━━━ DATA TO USE

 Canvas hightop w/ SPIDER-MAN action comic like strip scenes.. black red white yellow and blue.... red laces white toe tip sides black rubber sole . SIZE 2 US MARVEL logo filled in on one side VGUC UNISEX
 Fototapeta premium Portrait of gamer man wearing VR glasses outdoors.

━━━━━━
━━━ DATA TO USE

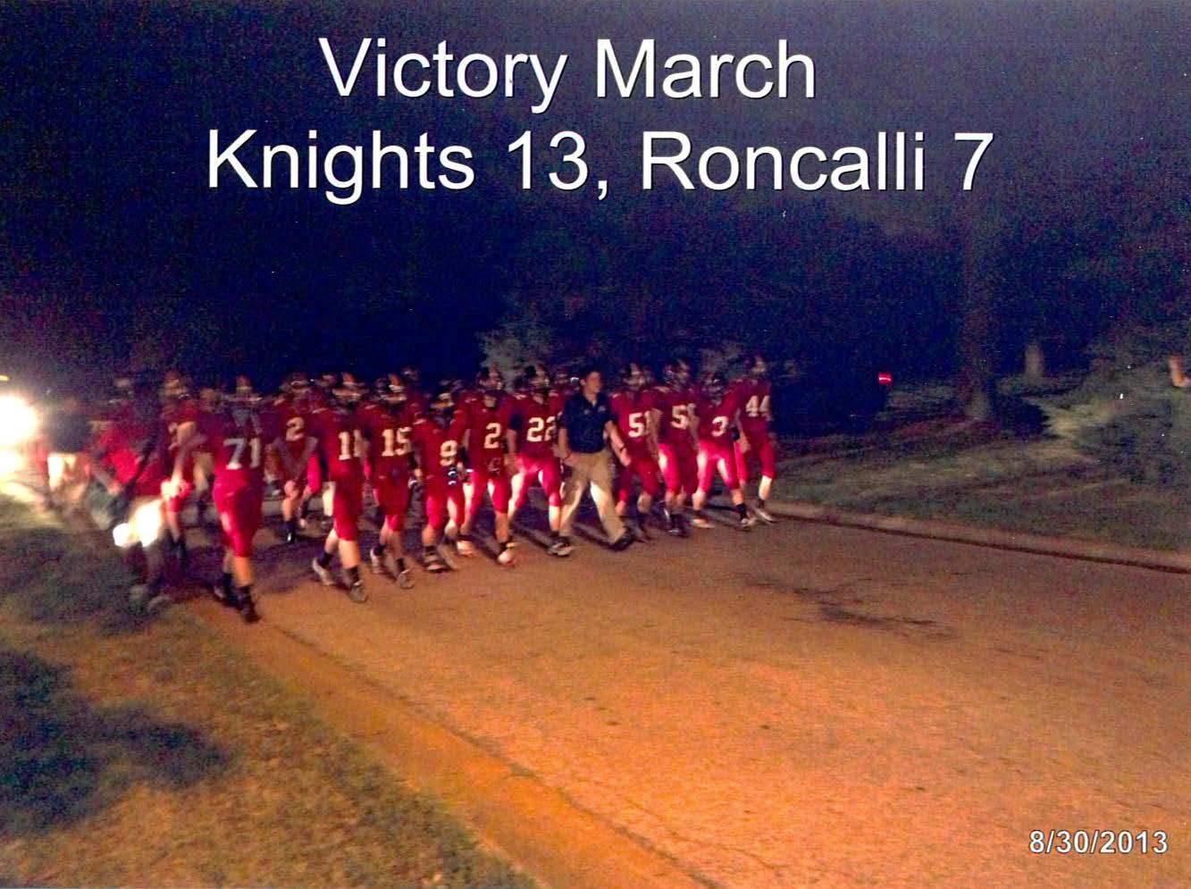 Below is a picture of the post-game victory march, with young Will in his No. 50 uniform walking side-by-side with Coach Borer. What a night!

━━━━━━

(WHAT NEEDS TO BE DONE) Output the lines above between the one holding "Canvas hightop w/" and the one holding "Fototapeta premium Portrait", inclusive, with nothing before or after them.

(EXPECTED ANSWER)
 Canvas hightop w/ SPIDER-MAN action comic like strip scenes.. black red white yellow and blue.... red laces white toe tip sides black rubber sole . SIZE 2 US MARVEL logo filled in on one side VGUC UNISEX
 Fototapeta premium Portrait of gamer man wearing VR glasses outdoors.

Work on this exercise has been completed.